PROVIDED RECORDS
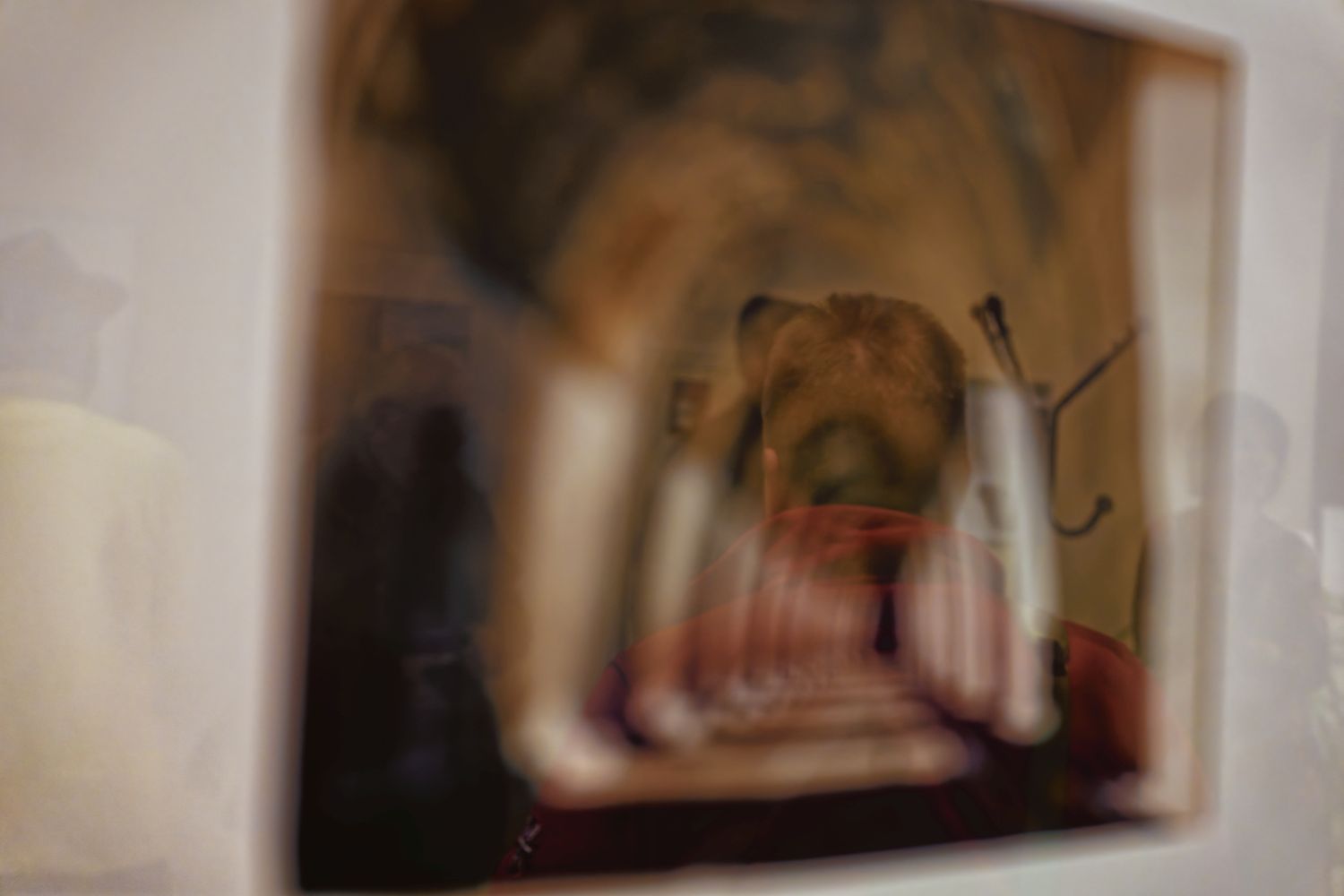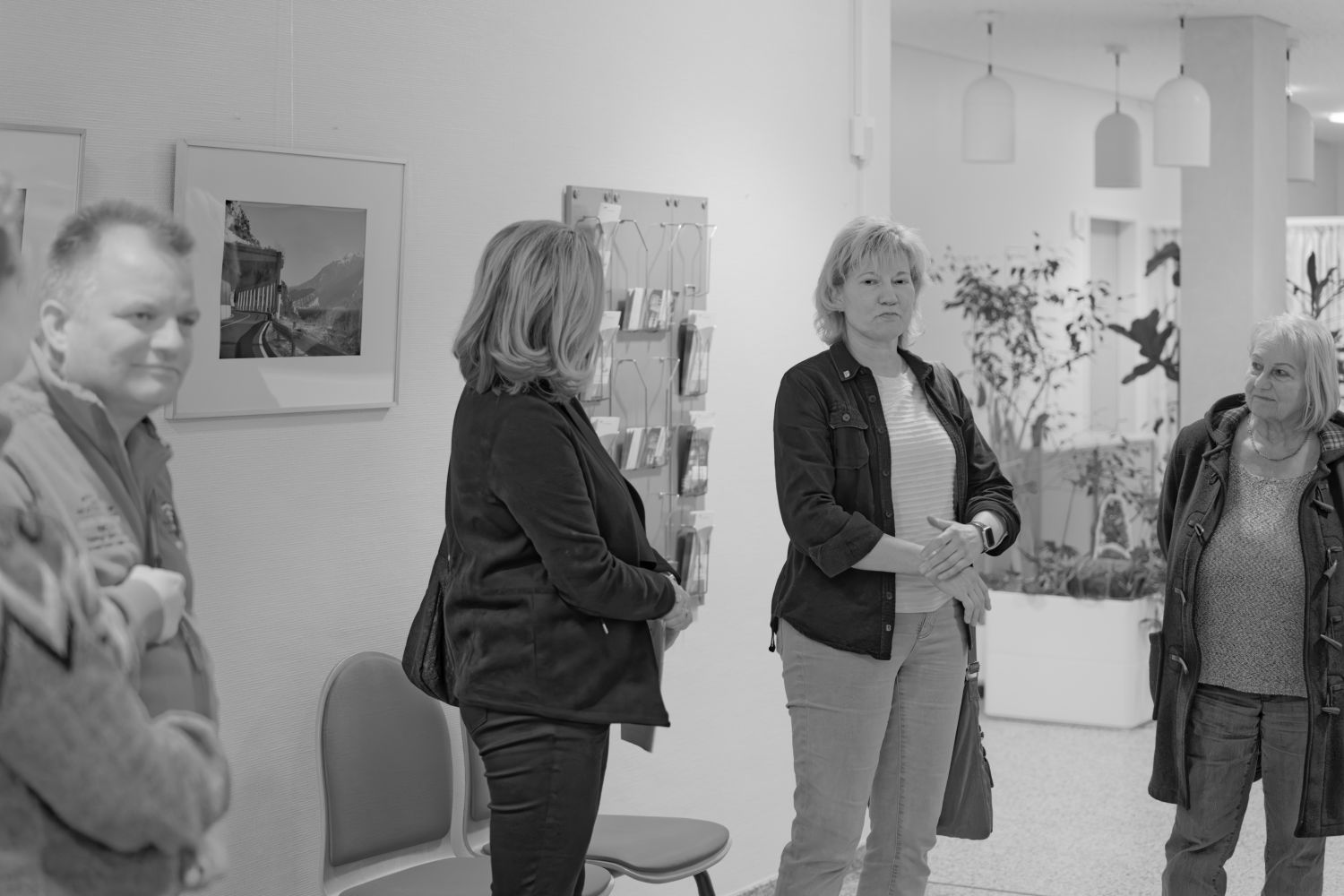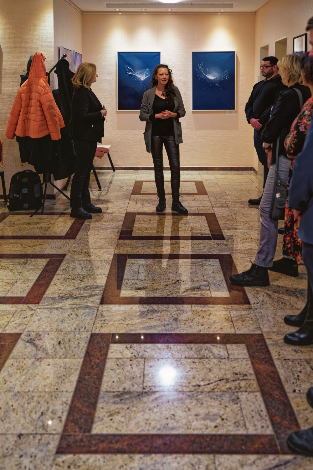 Die Vernissage beginnt im Erdgeschoss, im Foyer der Röntgenabteilung der Klinik. Eine außergewöhnliche Lokalität, praktisch steht hier Kunst, oder besser hängt, unmittelbar neben den notwendigen Einrichtungsgegenständen eines Krankenhaues. Ein besonderes Spannungsverhältnis in Betrachtung von nicht alltäglichen Werken.
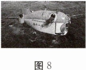 9. 如图8所示,我国自主研制的“海斗一号”全海深自主遥控潜水器多次下潜至万米深海,完成了声学测线、布放标志、沉积物取样、高清摄像等一系列科考任务。(g取10N/kg,海水的密度近似取$\rho_{海水}=1.0\times10^{3}kg/m^{3}$)
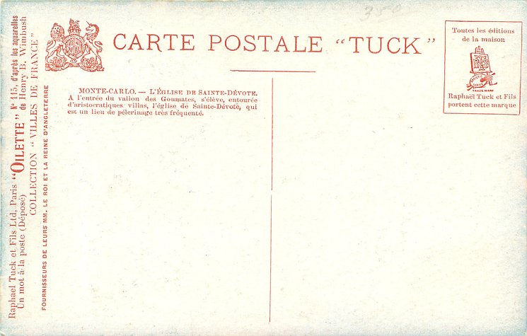 OILETTE, UN MOT A LA POSTE, (DEPOSE) or no trade name, 4 backs, come with & w/o COLLECTION VILLES DE FRANCE, come with & w/o D'APRES LES AQUARELLES DE HENRY B. WIMBUSH, same images SERIE 992 with inset numbers as for this set & MONTE CARLO 7998
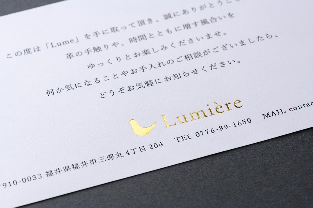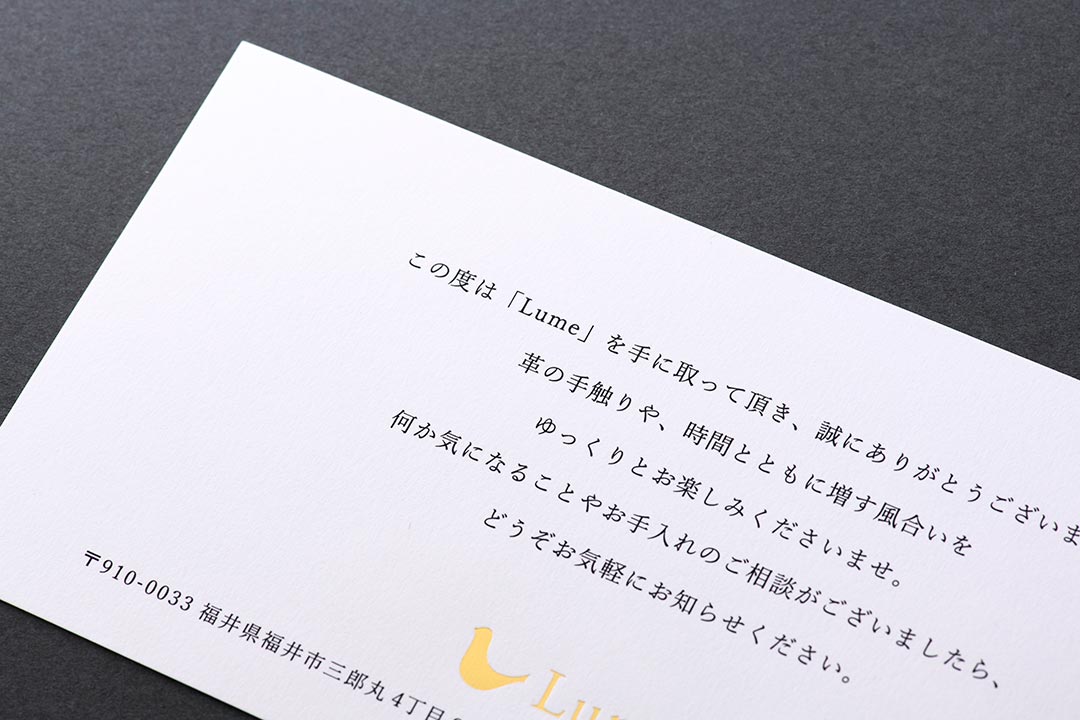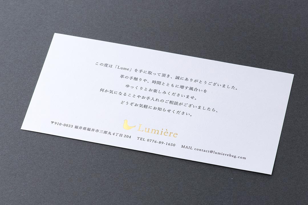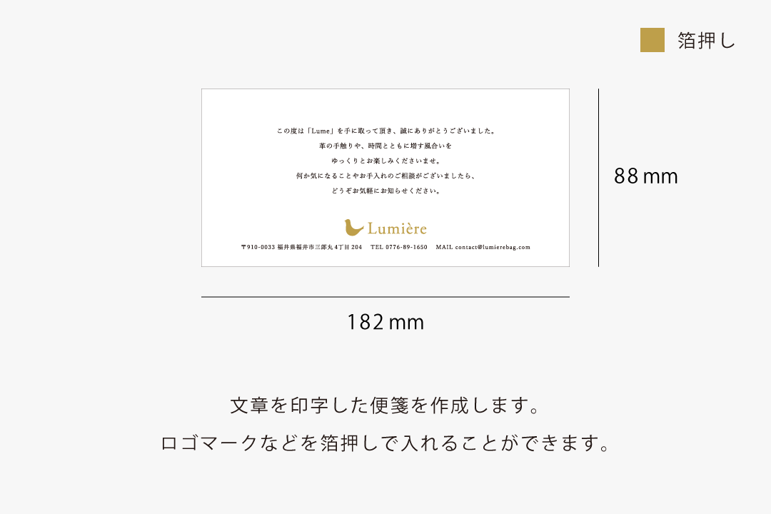 会社名や名前、ロゴを箔押しすることで、堅実で信頼感のある印象に。さりげない心配りが、好印象につながります。
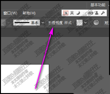 2、首先,要把这两个圆都选中。然后,在上方的菜单栏中点:不透明度
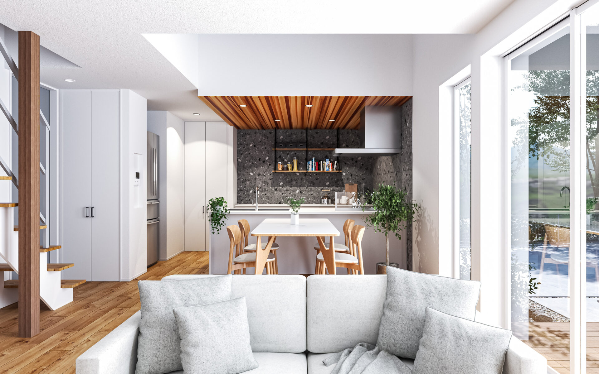 リビングの窓を開ければ、そこは家族だけのプライベートテラス。高い壁が外からの視線をやさしく遮り、人目を気にせず過ごせる特別な空間です。
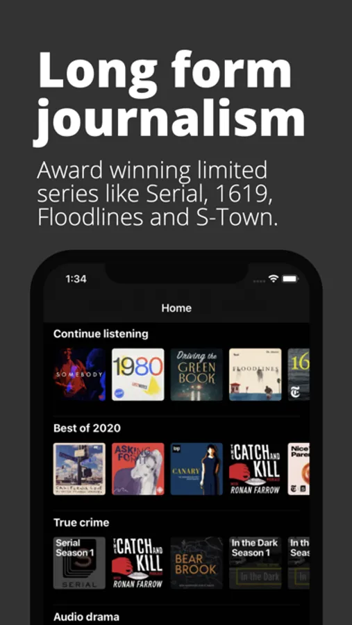 Season only lists long form podcasts that tell one story over many episodes. It can be limited series like Serial and S-Town, or audio dramas like Homecoming and The Black Tapes. No news, sports, pundits or "three dudes with a microphone"-style shows.
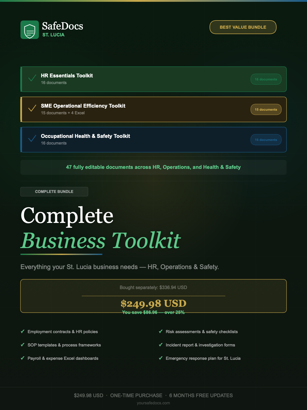 โ 47 fully editable documents โ Microsoft Word, Google Docs, and Excel โ Built for St. Lucia businesses โ Labour Code, NIC Act, and OHS Act compliant โ Emergency response plan includes verified St. Lucia contacts โ 911, Hospital, NEMO, LUCELEC, WASCO โ 6 months of free updates included for all three toolkits โ Email support:ย businessautopilot@yoursafedocs.comย โ Licensed to one business โ not for redistribution
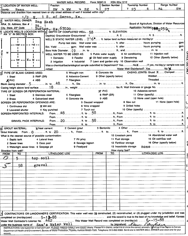 Eash, Sam | 58 ft. | 7.5 ft. | Oil Field Water Supply | Constructed | 18-May-1988 | Scan | ||
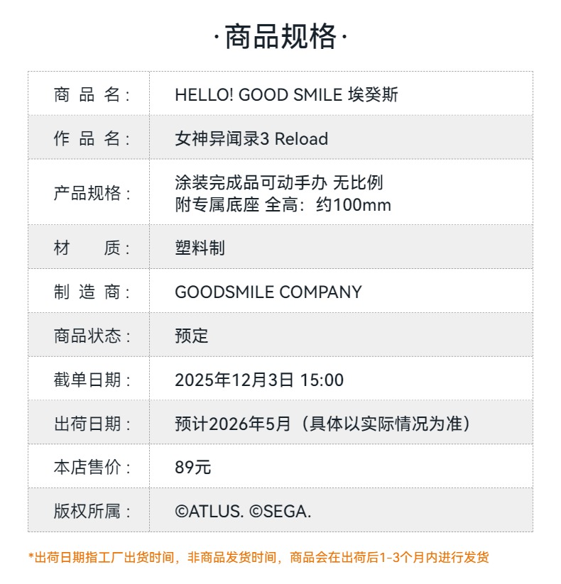 【GSC预售定金】HELLO! GOOD SMILE 埃癸斯 女神异闻录3 Reload
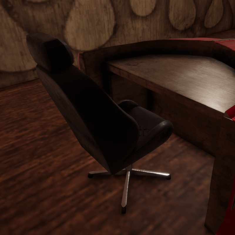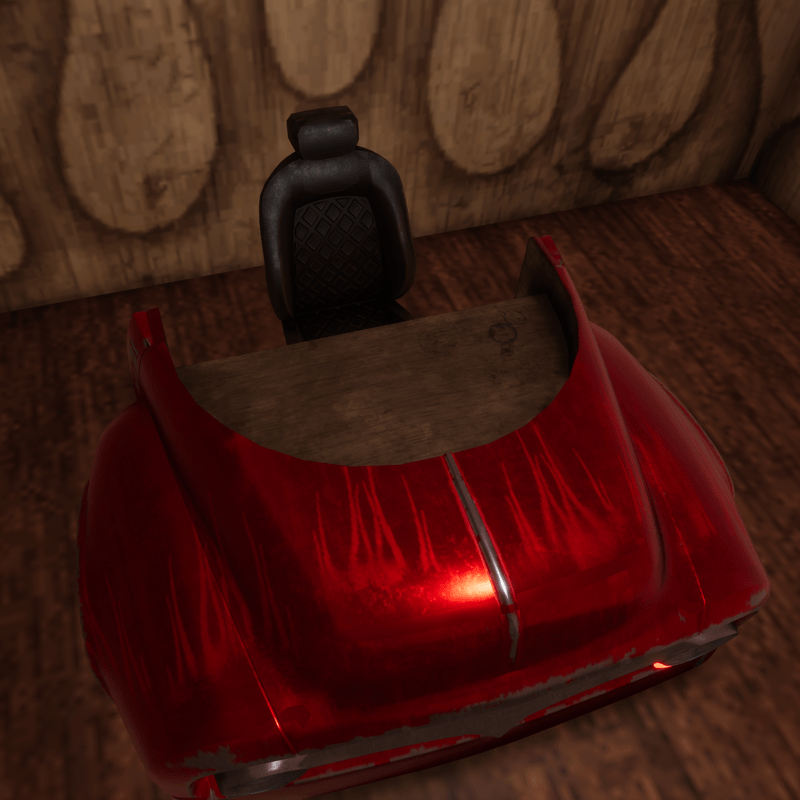 desk made from truck front end (chair can be removed, dj booth ??) can be resold
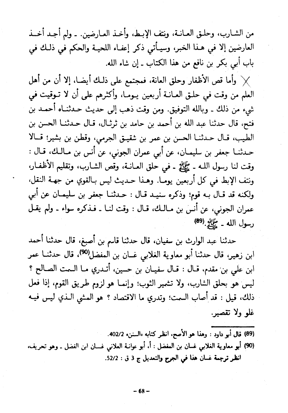 مِنَ الشَّارِبِ وَحَلْقُ الْعَانَةِ وَنَتْفُ الْإِبِطِ وَأَخْذُ الْعَارِضَيْنِ وَلَمْ أَجِدْ أَخْذَ الْعَارِضَيْنِ إِلَّا فِي هَذَا الْخَبَرِ وَسَيَأْتِي ذِكْرُ إِعْفَاءِ اللِّحْيَةِ وَالْحُكْمِ فِي ذَلِكَ فِي بَابِ أَبِي بَكْرِ بْنِ نَافِعٍ مِنْ هَذَا الْكِتَابِ إِنْ شَاءَ اللَّهُ وَأَمَّا قَصُّ الْأَظْفَارِ وَحَلْقُ الْعَانَةِ فَمُجْتَمَعٌ عَلَى ذَلِكَ أَيْضًا إِلَّا أَنَّ مِنْ أَهْلِ الْعِلْمِ مَنْ وَقَّتَ فِي حَلْقِ الْعَانَةِ أَرْبَعِينَ يَوْمًا وَأَكْثَرُهُمْ عَلَى أَنْ لَا تَوْقِيتَ فِي شَيْءٍ مِنْ ذَلِكَ وَبِاللَّهِ التَّوْفِيقُ وَمَنْ وَقَّتَ ذَهَبَ إِلَى حَدِيثٌ حَدَّثَنَاهُ أَحْمَدُ بْنُ فَتْحٍ قَالَ حَدَّثَنَا عَبْدُ اللَّهِ بْنُ أَحْمَدَ بْنِ حَامِدِ بْنِ ثَرْثَالٍ قَالَ حَدَّثَنَا الْحَسَنُ بْنُ الطَّيِّبِ قَالَ حَدَّثَنَا الْحَسَنُ بْنُ عُمَرَ بْنِ شَقِيقٍ الْجَرْمِيُّ وَقَطَنُ بْنُ بَشِيرٍ قَالَا حَدَّثَنَا جَعْفَرُ بْنُ سُلَيْمَانَ عَنْ أَبِي عِمْرَانَ الْجَوْنِيِّ عَنْ أَنَسِ بْنِ مَالِكٍ قَالَ وَقَّتَ لَنَا رَسُولُ اللَّهِ صَلَّى اللَّهُ عَلَيْهِ وَسَلَّمَ فِي حَلْقِ الْعَانَةِ وَقَصِّ الشَّارِبِ وَتَقْلِيمِ الْأَظْفَارِ وَنَتْفِ الْإِبِطِ فِي كُلِّ أَرْبَعِينَ يَوْمًا وَهَذَا حَدِيثٌ لَيْسَ بِالْقَوِيِّ مِنْ جِهَةِ النَّقْلِ وَلَكِنَّهُ قَدْ قَالَ بِهِ قَوْمٌ وَذَكَرَهُ سُنَيْدٌ قَالَ حَدَّثَنَا جَعْفَرُ بْنُ سُلَيْمَانَ عَنْ أَبِي عِمْرَانَ الْجَوْنِيِّ عَنْ أَنَسِ بْنِ مَالِكٍ قَالَ وَقَّتَ لَنَا فَذَكَرَهُ سَوَاءً وَلَمْ يَقُلْ رَسُولِ اللَّهِ صَلَّى اللَّهُ عَلَيْهِ وَسَلَّمَ حَدَّثَنَا عَبْدُ الْوَارِثِ بْنُ سُفْيَانَ قَالَ حَدَّثَنَا قَاسِمُ بْنُ أَصْبَغَ قَالَ حَدَّثَنَا أحمد ابن زُهَيْرٍ قَالَ حَدَّثَنَا أَبُو مُعَاوِيَةَ الْغَلَابِيُّ غَسَّانُ بن المفضل قال حدثنا عمر ابن عَلِيِّ بْنِ مُقَدَّمٍ قَالَ قَالَ سُفْيَانُ بْنُ حُسَيْنٍ أَتَدْرِي مَا السَّمْتُ الصَّالِحُ لَيْسَ هُوَ بِحَلْقِ الشَّارِبِ وَلَا تَشْمِيرِ الثَّوْبِ وَإِنَّمَا هُوَ لُزُومُ طَرِيقِ الْقَوْمِ إِذَا فَعَلَ ذَلِكَ قِيلَ قَدْ أَصَابَ السَّمْتَ وَتَدْرِي مَا الِاقْتِصَادُ هُوَ الْمَشْيُ الَّذِي لَيْسَ فِيهِ غُلُوٌّ وَلَا تَقْصِيرٌ
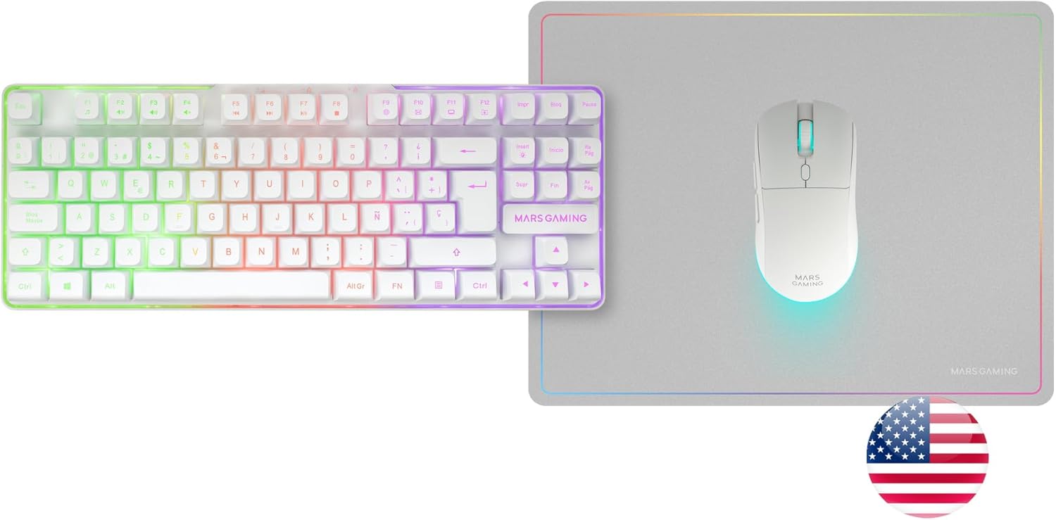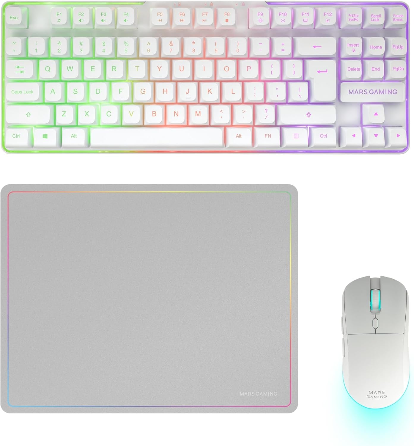 Mars Gaming MCPWTKL, Wireless Gaming Combo, DualPro Link 2.4GPRO Technology, TKL FRGB Rainbow Keyboard + RGB 3200DPI Mouse with HUANO Switches + Non-Slip 360 x 260 mm Mouse Mat, White, English US
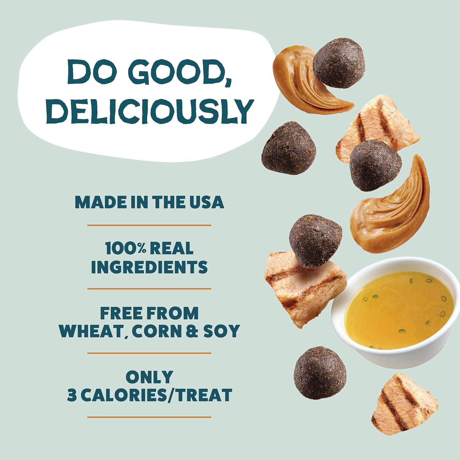 • Whole Ingredients: These high-reward treats are free from corn and soy while loaded with wholesome ingredients like real peanut butter, chicken, and chicken bone broth. At only 3 cal/treat, these are the perfect medium training rewards for your pup throughout the day. Dogs of all ages, sizes, and breeds can enjoy these firm and chewy treats!
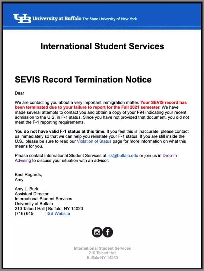 极目新闻记者从布法罗中国学生学者联合会了解到,包括该校在内的美国各个院校,往年都出现过有学生因为个人或外在原因遇到过身份终止的情况,大部分在几个月内得到了解决。学生只需要拿着新的I-20重新出入境(如往返加拿大、墨西哥等地)即可激活学生身份。
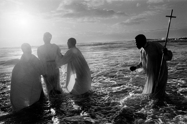 Южная Африка. Кейптаун. Каждое воскресенье на рассвете священники Сионской церкви из черного поселка Хайелитше принимают новообращенных в веру через омовение в море. 1999.[/caption] [caption id="attachment_9781" align="alignnone" width="650"]
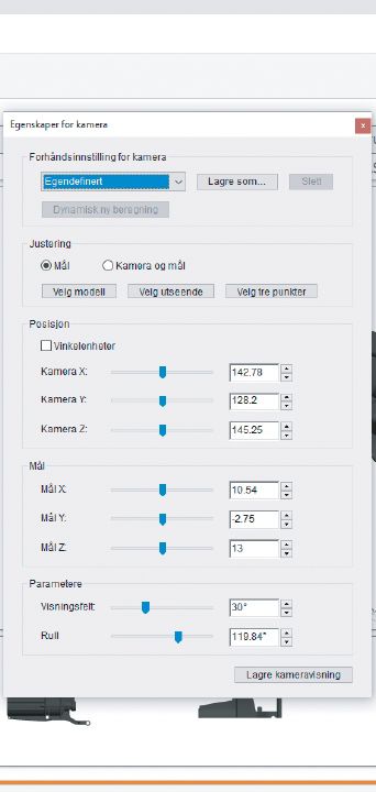 Justerer kameraegenskapene i forhold til kameraretningen og målposisjonen.

TASK TO COMPLETE
Give back the lines word for word, from the very first in the material above to the one that has "リビングの窓を開ければ、そこ", both included, without the pictures.

SOLUTION TO THIS EXERCISE
 Die Vernissage beginnt im Erdgeschoss, im Foyer der Röntgenabteilung der Klinik. Eine außergewöhnliche Lokalität, praktisch steht hier Kunst, oder besser hängt, unmittelbar neben den notwendigen Einrichtungsgegenständen eines Krankenhaues. Ein besonderes Spannungsverhältnis in Betrachtung von nicht alltäglichen Werken.
 9. 如图8所示,我国自主研制的“海斗一号”全海深自主遥控潜水器多次下潜至万米深海,完成了声学测线、布放标志、沉积物取样、高清摄像等一系列科考任务。(g取10N/kg,海水的密度近似取$\rho_{海水}=1.0\times10^{3}kg/m^{3}$)
 OILETTE, UN MOT A LA POSTE, (DEPOSE) or no trade name, 4 backs, come with & w/o COLLECTION VILLES DE FRANCE, come with & w/o D'APRES LES AQUARELLES DE HENRY B. WIMBUSH, same images SERIE 992 with inset numbers as for this set & MONTE CARLO 7998
 会社名や名前、ロゴを箔押しすることで、堅実で信頼感のある印象に。さりげない心配りが、好印象につながります。
 2、首先,要把这两个圆都选中。然后,在上方的菜单栏中点:不透明度
 リビングの窓を開ければ、そこは家族だけのプライベートテラス。高い壁が外からの視線をやさしく遮り、人目を気にせず過ごせる特別な空間です。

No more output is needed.